African theologian, renowned academic and ecumenist Prof. Dr Isabel Apawo Phiri has joined the World Council of Churches (WCC) as its new associate general secretary for Public Witness and Diakonia. She took on her new position at the WCC headquarters in Geneva, Switzerland, this month.
A Malawian by nationality, Apawo Phiri was a professor of African theology, dean and head of the School of Religion, Philosophy and Classics, and director of the Centre for Constructive Theology at the University of KwaZulu Natal, Pietermaritzburg, South Africa.

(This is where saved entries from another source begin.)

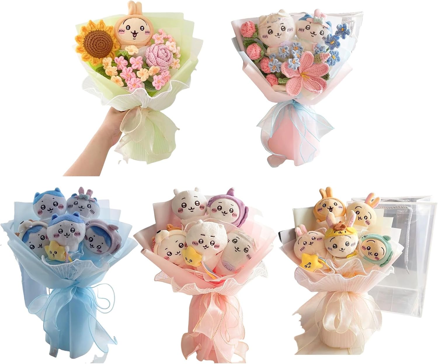 SDCADQ ちいかわ 周辺 ぬいぐるみ 花束 花を編む 手作り 造花 DIY 枯れない花 ハチワレ。
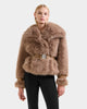 Chloe Faux Fur Removable Down Hood Dickie - Camel
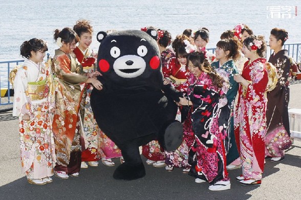 除此之外,县政府使得“熊本熊”的拟人化程度达到前所未有的高度。在日本民众的眼里,“熊本熊”不止是一个用布料和棉花制作出来的吉祥物玩偶,更是一个真实存在的个体。“他”的官方身份为熊本县的公务员,职衔为营业部长兼幸福部长,由于减肥失败于2015年一度被降职至代理营业部长,在日本各地甚至远赴海外出席宣传活动。图为当地时间2014年1月10日,日本东京,导游小姐身穿和服,与熊本县的吉祥物“熊本熊”一起拍照,提前庆祝“成人节”。
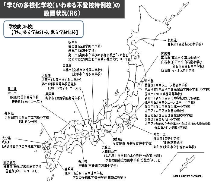 文部科学省ホームページ「学びの多様化学校(いわゆる不登校特例校)の設置者一覧」
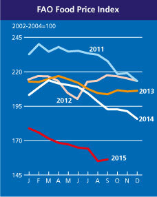 식량가격은 감소하고 있다. http://www.fao.org/worldfoodsituation/foodpricesindex/en/
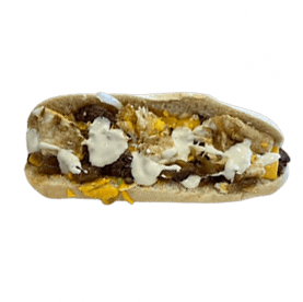 Pain long, steak, kefta, cheddar, oeuf, oignons caramélisés, sauce maison. 1 Euro de plus pour un supplément frites.
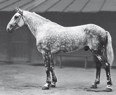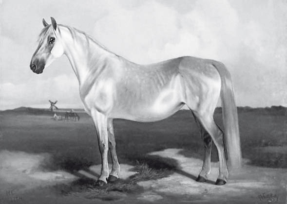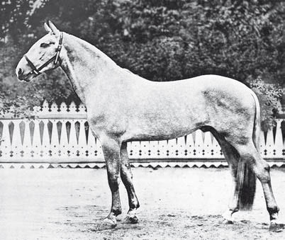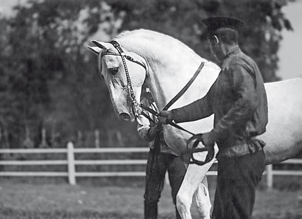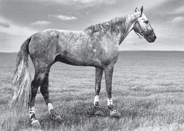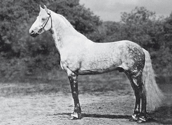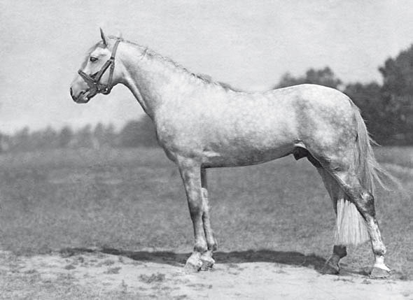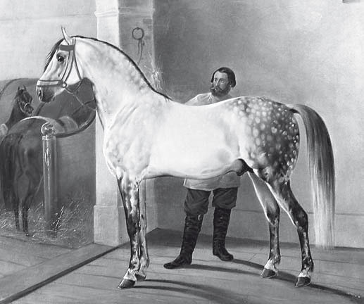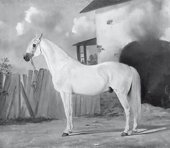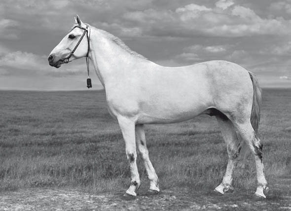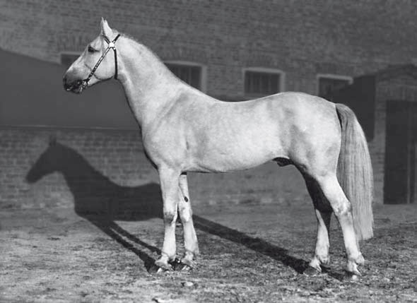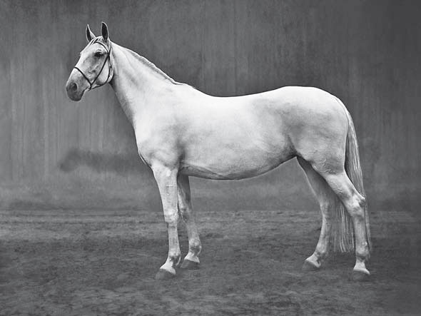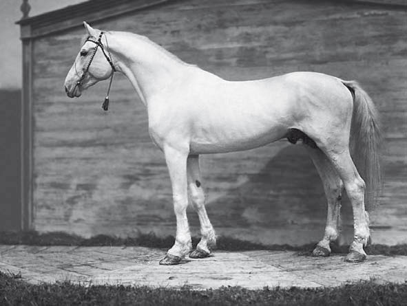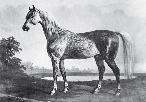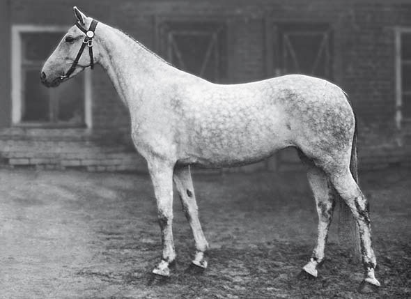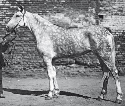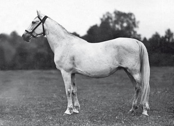 Если спросить любого охотника, каков был по себе Кронпринц, то обязательно услышишь ответ: маленький белый жеребец, узкий и жидкий. Это совершенно неверно. По себе Кронпринц была редкой и весьма интересной лошадью. Почему мое мнение так резко расходится с мнением других охотников? Все судят о формах Кронпринца по тем его фотографиям, которые были напечатаны. А изображение Кронпринца было напечатано лишь однажды, после розыгрыша Императорского приза. Бег этот, как известно, был совершен по грязи и в тяжелых условиях. Стоит ли удивляться, что на этих фотографиях Кронпринц подтянут и имеет утомленный вид. По этим фотографиям нельзя судить даже о типе жеребца, не говоря уже о его формах. В действительности Кронпринц был лошадью высокой породности и превосходного, чисто орловского типа. Он, как и брат его Кот и отец Недотрог, был невелик, ибо в нем было только три вершка росту. Масти он был исключительно белой, с красивым темным обводом вокруг глаз. Кожа у него была тонкая, а шерсть короткая, необыкновенно нежная и шелковистая, на солнце она красиво переливалась и отсвечивала голубыми и розовыми бликами. Грива и челка были умеренной длины, а хвост очень богат волосом и распадался на красивые пряди. Все это было крайне эффектно, и в этом отношении Кронпринц был недосягаемо выше Кота. В этой лошади был свой особый и крайне приятный эрфикс[2]. Мимо этого жеребца, в особенности когда он был в заводском теле, ни один охотник пройти не мог без того, чтобы не залюбоваться. Голова у Кронпринца была небольшая, очень кровная, с широким лбом и хорошим агатовым глазом; шея – почти лебединая, круто поставленная и эффектная; спина неважная, с явным уклоном к холке, но при превосходной связке. Зад и окорока у жеребца были замечательные, ребра много; он был низок на ноге и глубок. Ноги, превосходные по форме, отличались образцовой сухостью, о размете не было и помину, как, впрочем, и у всех остальных детей Недотрога. Кронпринц был широк и широко стоял задом. Вот объективное описание экстерьера этой лошади. Я считаю Кронпринца типичным Лебедем 4-м и ближе именно к этому жеребцу, чем к Лебедю 5-му и его потомству. В заключение скажу, что Кронпринца, когда он был уже в заводе, почти никто из знаменитых коннозаводчиков не видел, а потому и не мог оценить. Лошадь эта, несомненно, вошла бы в большую славу и была бы высоко оценена всеми на выставке, но осуществиться всему этому не дала российская революция.

She also served as editor of the Journal of Gender and Religion in Africa.
Apawo Phiri holds a masters degree in religious education from the University of Lancaster, England, and a doctorate in religious studies from University of Cape Town, South Africa.
Apawo Phiri’s main responsibilities at the WCC will be setting direction for the council’s programmatic work in the area of Public Witness and Diakonia, and strengthening relations with the member churches and ecumenical organizations. While she will lead implementation of programmes with member churches, she will also support project team coordinators at the council itself.
Apawo Phiri has been engaged with the churches and the ecumenical movement for a decade. From 2002 to 2007 she served as general coordinator of the Circle of Concerned African Women Theologians. In 2006, she also presented a paper entitled “Called to Be the One Church: The Future of Ecumenism—A Protestant Voice” at the WCC 9th Assembly in Porto Alegre, Brazil. She has also served as moderator of the WCC Commission on Education and Ecumenical Formation.
Apawo Phiri’s research and teaching interests span the fields of systematic theology with a focus on ecclesiology, mission history, studies in African-instituted churches, and African theology with a focus on African women's theology.
On welcoming Apawo Phiri to the council, WCC general secretary Rev. Dr Olav Fykse Tveit said, “Isabel’s engagement in the ecumenical movement, especially her academic contributions to the African theology and women concerns, are not new. With her leadership, we at the WCC hope to benefit from her gifts and capabilities.”
“We welcome her in this ecumenical family. We hope that at the WCC she will be able to build relationships among churches and give leadership to our global ministry for diakonia, justice and peace,” added Tveit.